## EXERCISE OBJECTIVE:
From the listing that follows, reproduce only the lines from the one holding "A displaced Palestinian" through the one holding "Platformové topánky Chuck", both included, with no pictures.

## RECORDS PROVIDED:
==========
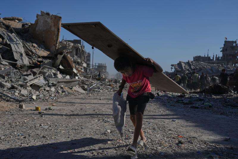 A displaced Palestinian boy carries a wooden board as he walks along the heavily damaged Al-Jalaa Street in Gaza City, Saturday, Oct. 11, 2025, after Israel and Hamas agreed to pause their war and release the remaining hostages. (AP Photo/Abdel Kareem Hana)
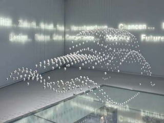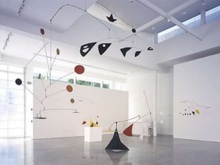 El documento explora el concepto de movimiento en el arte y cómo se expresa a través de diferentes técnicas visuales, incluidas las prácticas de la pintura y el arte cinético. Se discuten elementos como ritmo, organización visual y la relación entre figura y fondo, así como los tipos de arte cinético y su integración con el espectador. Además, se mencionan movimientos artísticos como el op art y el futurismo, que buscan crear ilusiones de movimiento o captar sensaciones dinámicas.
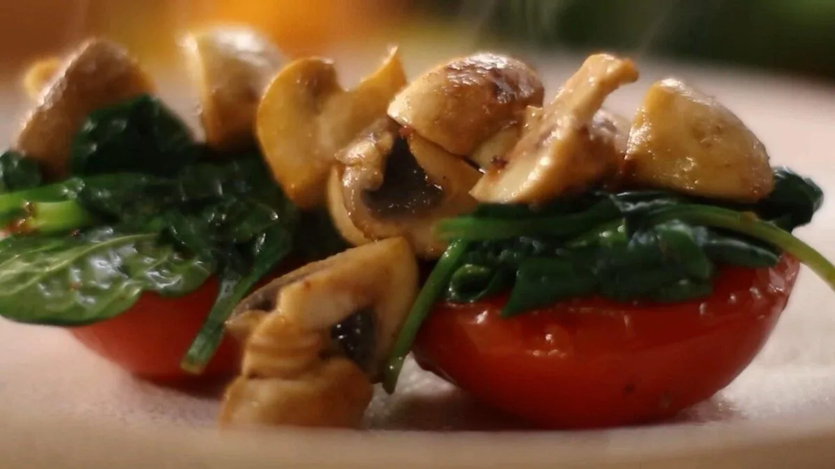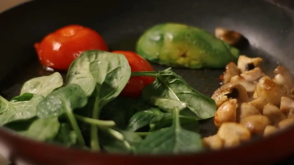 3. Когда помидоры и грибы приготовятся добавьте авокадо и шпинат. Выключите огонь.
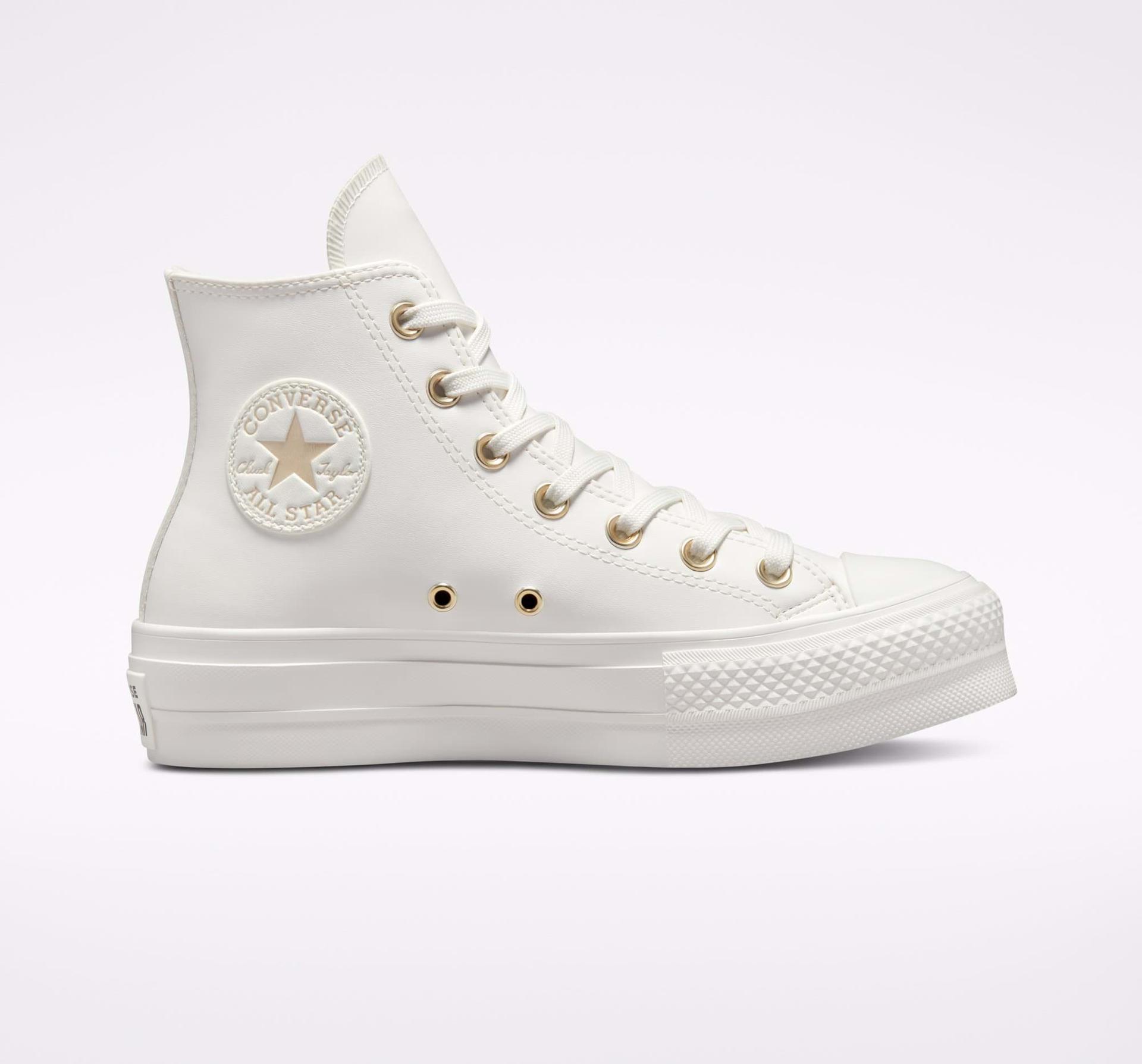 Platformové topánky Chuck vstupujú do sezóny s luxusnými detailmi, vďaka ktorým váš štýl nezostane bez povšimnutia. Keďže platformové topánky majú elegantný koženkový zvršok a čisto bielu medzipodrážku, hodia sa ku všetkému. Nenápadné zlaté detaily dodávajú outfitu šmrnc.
==========
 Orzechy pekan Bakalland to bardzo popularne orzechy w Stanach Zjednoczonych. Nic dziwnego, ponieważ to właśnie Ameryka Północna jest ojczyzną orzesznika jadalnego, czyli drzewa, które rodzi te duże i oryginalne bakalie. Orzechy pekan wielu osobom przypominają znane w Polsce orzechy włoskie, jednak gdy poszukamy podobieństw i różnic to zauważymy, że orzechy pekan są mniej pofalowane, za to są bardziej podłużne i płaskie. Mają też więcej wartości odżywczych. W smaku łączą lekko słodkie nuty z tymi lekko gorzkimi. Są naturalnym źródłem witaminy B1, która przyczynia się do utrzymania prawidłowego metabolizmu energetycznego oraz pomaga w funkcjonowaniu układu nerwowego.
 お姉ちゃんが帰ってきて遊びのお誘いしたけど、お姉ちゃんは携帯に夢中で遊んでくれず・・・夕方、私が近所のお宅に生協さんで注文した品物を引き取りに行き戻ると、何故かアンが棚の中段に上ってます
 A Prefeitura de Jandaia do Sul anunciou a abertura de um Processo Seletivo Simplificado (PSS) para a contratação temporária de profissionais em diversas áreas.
==========
## RESPONSE AREA:
 A displaced Palestinian boy carries a wooden board as he walks along the heavily damaged Al-Jalaa Street in Gaza City, Saturday, Oct. 11, 2025, after Israel and Hamas agreed to pause their war and release the remaining hostages. (AP Photo/Abdel Kareem Hana)
 El documento explora el concepto de movimiento en el arte y cómo se expresa a través de diferentes técnicas visuales, incluidas las prácticas de la pintura y el arte cinético. Se discuten elementos como ritmo, organización visual y la relación entre figura y fondo, así como los tipos de arte cinético y su integración con el espectador. Además, se mencionan movimientos artísticos como el op art y el futurismo, que buscan crear ilusiones de movimiento o captar sensaciones dinámicas.
 3. Когда помидоры и грибы приготовятся добавьте авокадо и шпинат. Выключите огонь.
 Platformové topánky Chuck vstupujú do sezóny s luxusnými detailmi, vďaka ktorým váš štýl nezostane bez povšimnutia. Keďže platformové topánky majú elegantný koženkový zvršok a čisto bielu medzipodrážku, hodia sa ku všetkému. Nenápadné zlaté detaily dodávajú outfitu šmrnc.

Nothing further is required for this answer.